A soft rain had fallen during the night, but when I parked the truck by a thicket of pines just after sunrise, a stiff breeze had started tearing the overcast apart, and patches of blue were showing through the dullness. Shrugging into my bird vest, I ignored the shufflings and impatient whines that s
ounded from the dog box and stood a moment looking across a long soybean field that stretched toward a distant line of pines. I was mentally planning a route that would take me in a big circle to a dozen or so familiar coveys, then bring me to the sundown covey in the late evening. I unlatched the dog box, and the pointer, Mack, exploded from the truck and went through a routine of nervous preliminaries. I did the same, checking my bulging coat for shells, lunch and coffee. Then I clicked the double shut and stepped into the sedge alongside the field, calling: “All right, Mack. Look around!”
The pointer loped away in that deceptive, ground-eating gait that was his way of going. At age four, he had not exactly developed into the close worker I had been wanting. His predecessors who had run these fields in decades before were big-going speedsters suited to those times. Controlled burning and wide-roaming livestock kept the woodlands open then.

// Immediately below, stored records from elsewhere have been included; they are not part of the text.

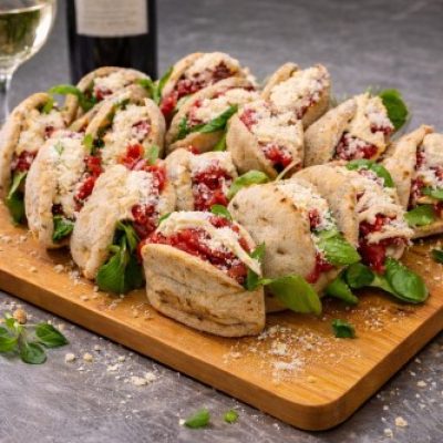 Mini pita broodje gevuld met carpaccio, parmezaan, rucola en truffelmayonaise...
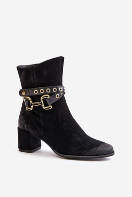 Zamszowe Botki Damskie Na Słupku Z Ozdobnym Paskiem Maciejka 06679-01 Czarne
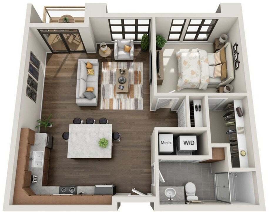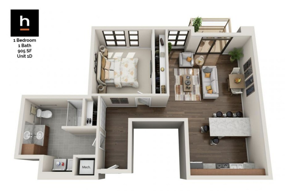 1 Dormitorio, 1 Baño, 905 pies²Disponible May 1Galería del Modelo
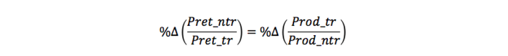 Altfel spus, modificarea în timp a productivității relative în sectoarele tranzacționabile și netranzacționabile se reflectă în mod direct în modificarea în timp a raportului dintre prețurile produselor (aici se face referire în general la bunuri și servicii, fără o delimitare clară) netranzacționabile și cele tranzacționabile.
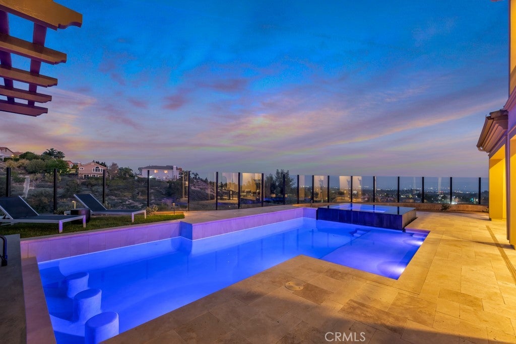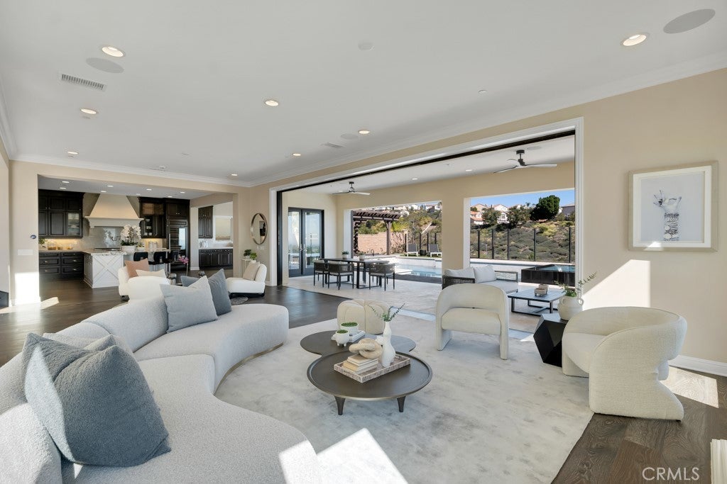 Option to purchase subject to the existing conventional loan with a 4.375% rate!! Call listing agent for more details. Stunning luxury estate with panoramic views, ideally positioned at the end of a peaceful cul-de-sac in the exclusive, 24-hour guard-gated Westcliffe at Porter Ranch community. One of the larger properties in the neighborhood, this impressive Spanish Colonial Palisades model by Toll Brothers offers 5,710 square feet of refined living space, featuring 5 bedrooms, 5.5 baths, and an additional flexible room located just behind the kitchen. Fully reimagined in 2025 with a complete interior renovation and landscape redesign, the home showcases dark-stained white oak hardwood floors throughout, natural stone countertops, and luxury appliances from Sub-Zero and Wolf. Expansive multi-panel glass doors open to the patio and courtyard, creating a seamless indoor/outdoor flow ideal for entertaining. The newly completed pool, spa, and outdoor kitchen (finished September 2025) are surrounded by travertine pavers, lush softscaping, and wireless automated pool equipment, delivering a true resort-style experience in a private, tranquil setting. Also for Lease at: $17,500 a month (will consider lease w/ purchase option)
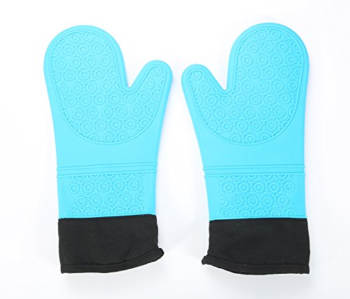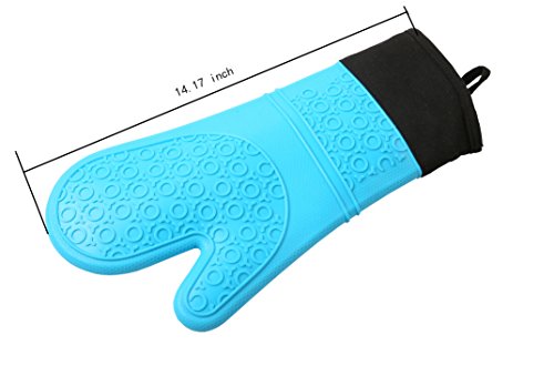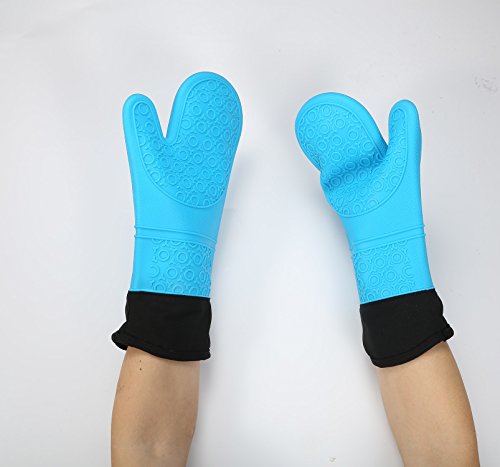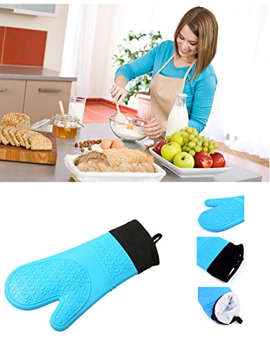 Silicone BBQ Grill Gloves, Oven Gloves, Baking Gloves, Cooking Gloves, Kitchen Gloves, GEYUEYA Home (Blue)
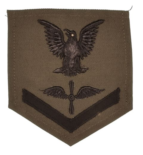 AVIATION MACHINIST MATE, 3rd CLASS. Eagle with winged prop & 1 stripe. Dark gray twill with stripes & specialty mark embroidered in dark blue. WW2 dates hand stitched on reverse side. Mint, Original.

Now most of the forests were so choked with brush and vines that wide-working dogs brought a legacy of frustration. Mack was easy to handle but tended to bend out too far from the gun unless checked back frequently. I really hated hearing myself say “Hunt close!” so often, but I hated even worse those agonizing slogging searches when he went on point in some dark corner of the swamp a quarter-mile from where I thought he’d been working.